Keyla diam. Ia juga bingung harus membuktikan dengan cara apa.

“Kamu gak bisa buktikan ‘kan?”

Keyla masih diam.

“Sekarang kamu ambil tas kamu diruangan saya. Dan nanti sore setelah shift kamu selesai, jangan lupa bawa semua barang-barang kamu dari rumah saya dan jangan pernah menampakan diri didepan papa saya lagi.”

“Baik. Saya ambil tas saya sekarang.”

Keyla berjalan cepat meninggalkan Arial. Ia jengah dituduh menjadi perempuan simpanan pak Pras. Langkahnya yang mungil kini berubah besar karena enggan berurusan lagi dengan semua tentang Arial. Ia akan membawa tasnya sekarang juga.

Begitu pintu ruangan dibuka, Keyla terkejut melihat pak Pras sedang makan siang diruangan pribadi Arial.

“Pak Pras?”

“Eh, Key, sini makan siang sama papa.”

Keyla diam. Ia yang masih memegang handel pintu menoleh mendapati Arial berdiri dibelakang tubuhnya. Ia menatap Arial yang sedang menatapnya sinis. Ia pun teringat sesuatu mengenai pembuktian kalau ia bukanlah perempuan simpanan pak Pras.

Keyla melepaskan handel pintu dan melangkah pelan. Ia berdiri dihadapan pak Pras yang sedang mengelap mulutnya, “Pak, saya butuh bantuan bapak.”

“Boleh. Kamu butuh bantuan apa, Key? Bilang aja sama papa.”

“Saya... dituduh perempuan simpanan bapak karena memiliki kalung ini.” Keyla menunjukkan kalung Mutiara putih yang mengkilap indah pada pak Pras.

Pak Pras berdiri. Beliau menatap kalung itu lekat-lekat lalu melirik Arial, “Kamu masih belum berhenti?”

“Pa, Keyla ini cuma anak dari panti asuhan. Mana mungkin dia punya uang buat beli kalung Mutiara itu. Kalungnya pasti papa yang belikan ‘kan?”

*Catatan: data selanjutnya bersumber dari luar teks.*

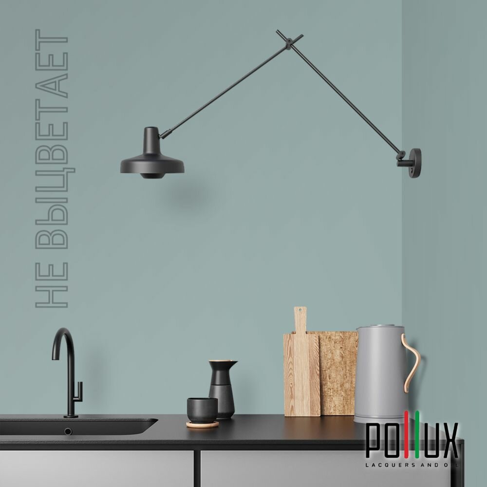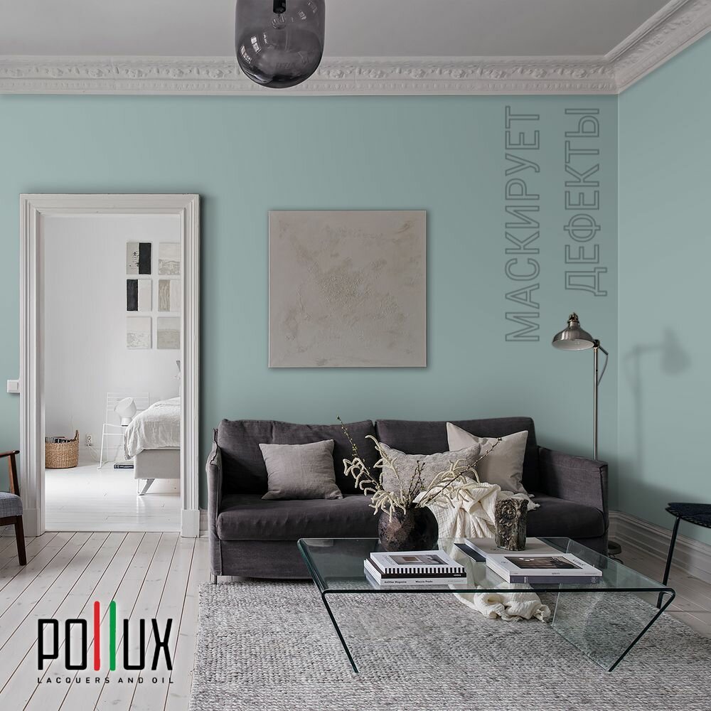 Краска моющаяся интерьерная для стен и потолков, Pollux INTERIOR без запаха, быстросохнущая, акриловая, матовое покрытие, цвет NCS S 6030-B50G, 1л.

“Papa gak pernah beliin Keyla kalung, karena papa tahu Key pasti menolak.”

“Terus papa mau bilang kalau itu memang kalung punya dia?”

“Ya kalau kalung itu memang punya Keyla, papa harus bilang apa?”

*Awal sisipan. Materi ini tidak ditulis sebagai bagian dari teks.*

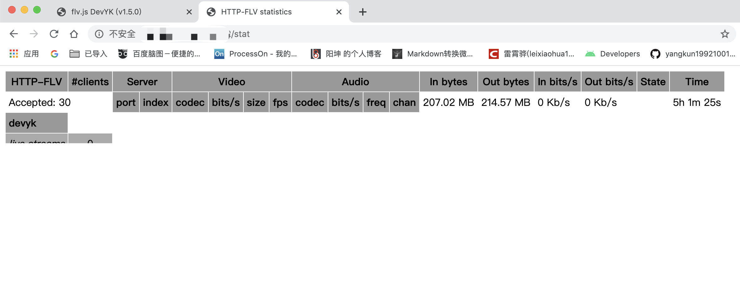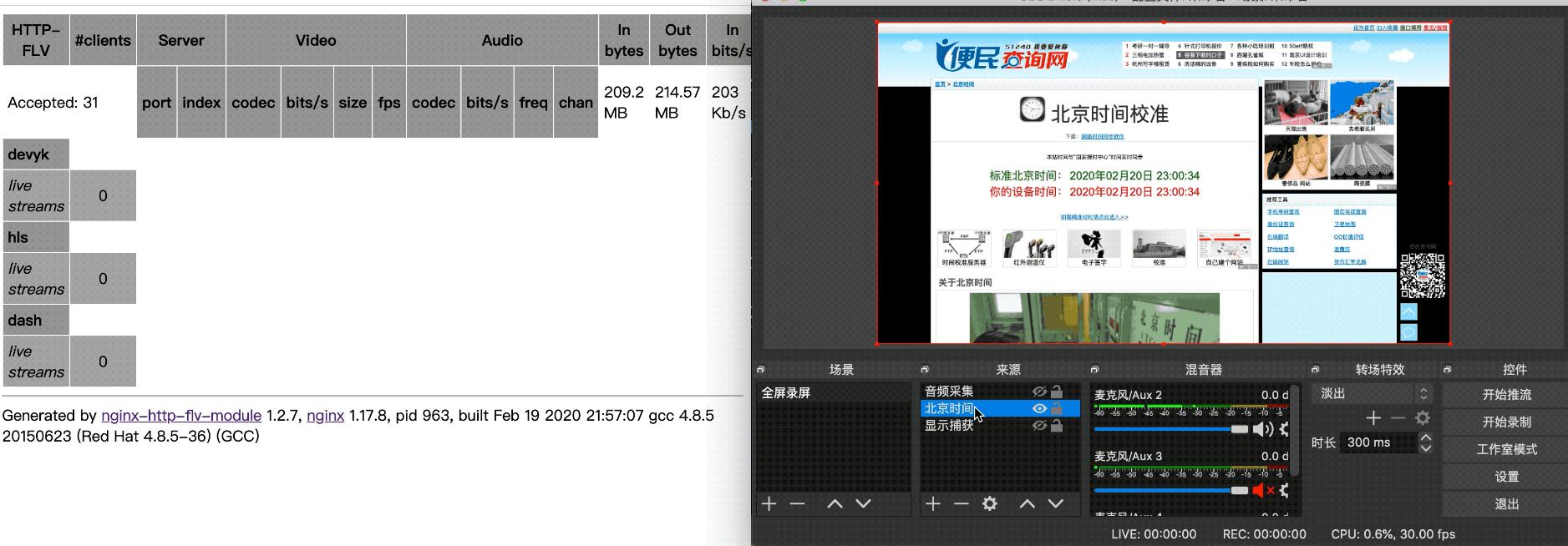 本来之前我是借助 nginx-rtmp-module 来搭建的直播服务器(已成功),奈何它好像不支持 Http-flv 协议,所以替换成了 nginx-http-flv-module 模块,它是基于 nginx-rtmp-module 模块二次开发的,所以完美的继承了 rtmp 模块的所有功能。

Arial membuang nafas kasar. Ia tidak puas dengan jawaban papa, tapi ucapan papa ada benarnya.

“Berhenti menuduh Keyla yang bukan-bukan, Rial. Keyla ini perempuan baik-baik. Kan papa udah bilang, papa sudah memastikannya dengan bertanya pada ibu panti. Kenapa kamu masih keukeuh nuduh Keyla seperti itu?”

“Karena Keyla gak bisa buktiin kalau dia bukan perempuan simpanan papa atau anak haram dari perempuan yang mungkin papa tiduri.”

Pak Pras menahan marah mendengar tuduhan dari anak tunggalnya.

“Semenjak ada dia kita terus berantem, pa. Baru dua hari loh, tapi dia udah bisa ambil kuasa atas papa.”

“Cukup, Arial! Keyla gak bisa berbuat apapun untuk membuktikan semua tuduhan kamu. Tapi papa bisa buktiin itu.”

“Papa mau buktiin dengan cara apa?”

“Papa bisa buktiin dengan cara menikahkan kalian.”

Arial dan Keyla yang mendengar itu saling bertatapan bingung.